- My 911

The Curse of 911 Ownership

Which might not have occurred to you

20w ago
19.1K

Any observant followers of DriveTribe, particularly those happy fools who have the misfortune to follow me, may have noticed a pattern to my posting over the last few months. Ironically, the symptom of the topic I covered in my posts kind of gives away the cause. At least a little I think.

What the hell are you babbling about?

Well, for the billionteenth time, I don't want to say this - but I'm going:-

'Back in June I bought a Porsche 911'

Big deal! You bought mildly interesting car. So what?

The thing is, once upon a time... Many moons ago, I used to consider myself something of a freelance motoring journalist. I was regularly posting on all sorts of interesting topics in the automotive theme. They were popular! Well, some of them were. Well one of them.... Maybe?

However, the well appears to have run dry.

Why is that?

Okay, I'll be frank. Last year wasn't the best year for me. As years go, it was the equivalent of a Chris Evans hosted episode of 'Top Gear'. But I really don't think that's the reason! I was also fairly busy. I'd been working on a horrendously complex novel that covers a timeline from the 14th century to present day, is written in parts in about six languages and was in a genre I'm new to. A lot of my creative energy went into finishing it, editing it and getting it published. It wasn't easy, but I finally got it out:-

The cover.

The cover.

If you're interested in it, you can check it out here.

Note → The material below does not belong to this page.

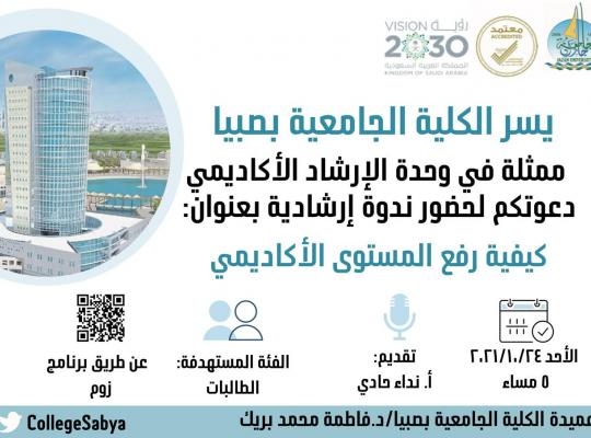 نظمت الكلية الجامعية بصبيا متمثلةً بوحدة الإرشاد الأكاديمي ندوة إرشادية بعنوان ” كيفية رفع المستوى الأكاديمي ” يوم الأحد بتاريخ 24/10/2021 قدمتها أ. نداء عبدالعزيز حادي عبر تطبيق الزوم مستهدفة الطالبات وقد شهدت الندوة حضور عدد من الطالبات ومنسوبات

Is that why the reason? I honestly don't think so.

So what is the reason for the lack of posting and the limited themes?

When I bought the 911, the present Mrs. Stanley was surprisingly positive about it. She's usually about as enthusiastic about a car purchase, as Jeremy Clarkson is about quinoa. She honestly prefers the 911 to the old Focus ST and not just because of the Ford's spine-shattering ride, but also because the 911, despite being a faster car, simply doesn't have the ASBO image of an ST3.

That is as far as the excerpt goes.